3 This is well below the conventional medical prognosis period (over eight months on average).

4 Largely determined using medical notes. There are no crash dynamics that explain chronic whiplash. Roughly 5% to 10% of people have a history of unexplained neck pain problems.

5 To partly quote Russ Ackoff.

6 One of the attractions of adopting the proposed rule is that there is no need to doubt the veracity of the claimant’s statement of prior perfect health. It can be regarded as an honest statement, but should not be regarded as a legal fact unless there is good reason to do so. The burden is on the claimant.

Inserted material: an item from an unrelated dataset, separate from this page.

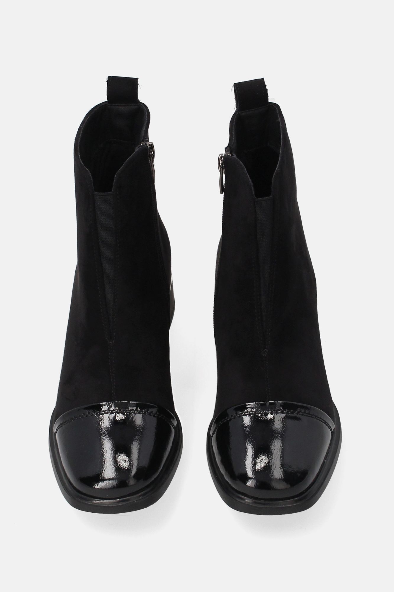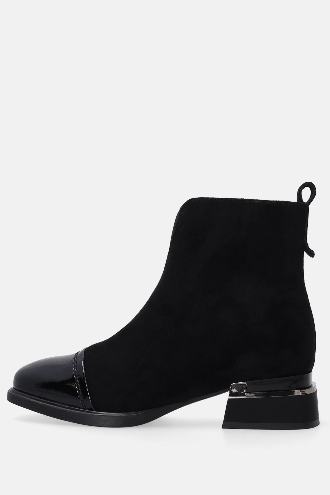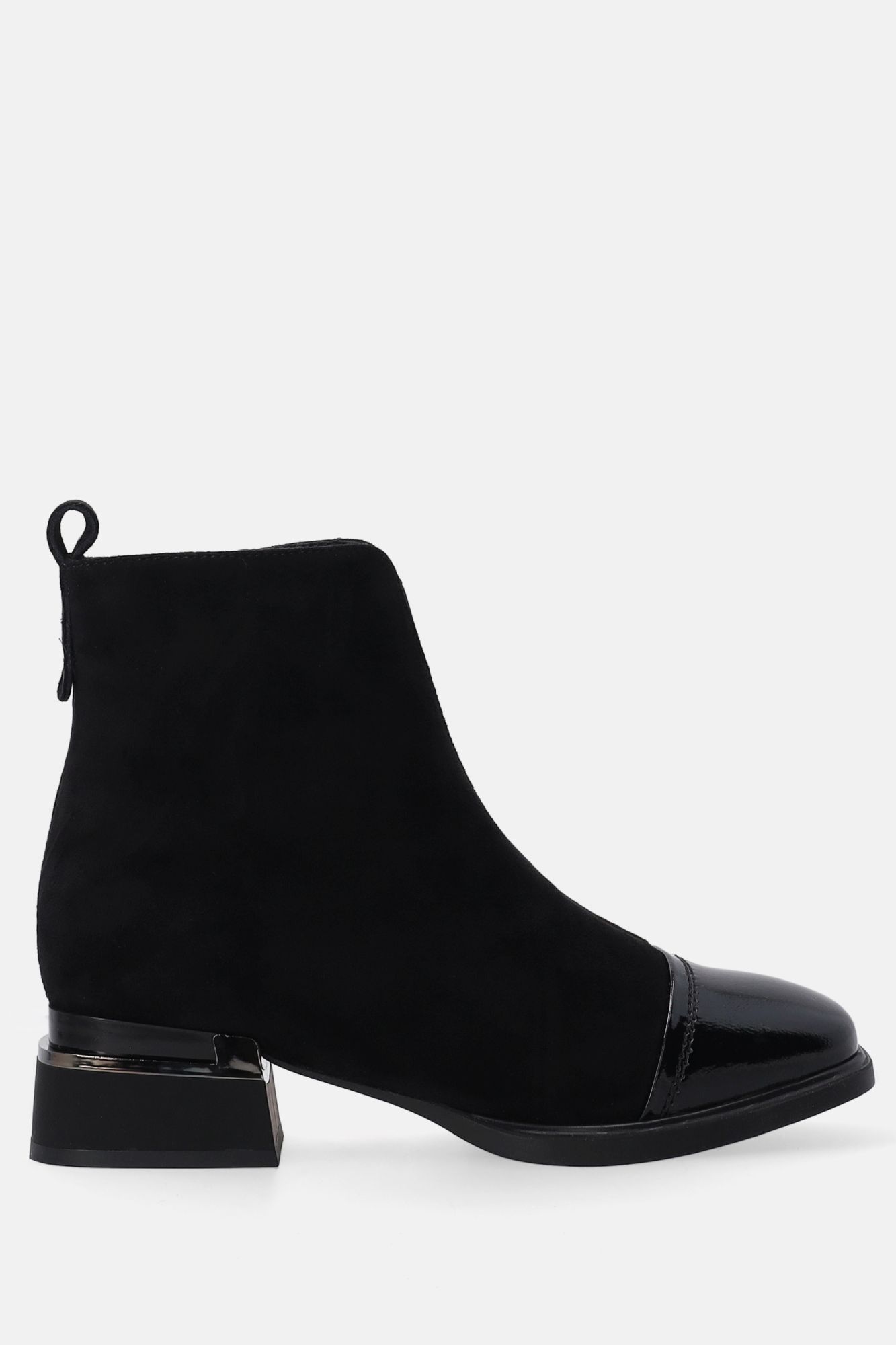Dámské černé semišové kotníkové boty s lakovanou špičkou
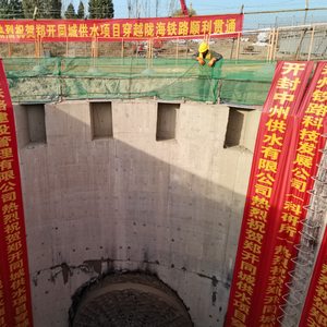 开封中州供水有限公司董事长刘玉海说,供水项目穿越铁路工期紧、施工难度大、安全风险高,是整个工程建设的“老大难”和重要控制性节点。此次顶管施工埋深近7米,套管管径4.1米,在全国下穿铁路顶管施工项目中直径尺寸之大也是数得着的。供水项目输水管线穿越陇海铁路施工,顶进长度为92.5米,过程中克服穿越铁路施工手续办理困难、地下水丰富、竖井开挖涌水流沙等不利影响,顶进过程中,又先后克服洞口止水圈漏水、刀盘带动机身旋转、开仓清渣等困难,历经100天的艰苦奋战,顺利完成顶管施工。施工采用泥水平衡顶管机分段顶进的施工方法进行。

7 The greater the area the fewer false positives and false negatives.

8 This can be shown mathematically.

9 In the absence of objective evidence of exception, and, but for the negligent act, the condition of the claimant must be assumed to have been, or ought still to be, the same as that of his peer group—ie those not recently exposed to a similar negligent act.

10 ie, both medically and, according to the balance of probabilities.

11 That is, people who have not recently experienced a no-fault whiplash accident.

12 Papers usually focus on the results of complex analysis but without providing the raw data in a form which can be used to guide legal fact finding.

13 It might be useful to meet with DoH policy leaders to discuss this idea and proposal before the conclusions to the consultation are set in stone.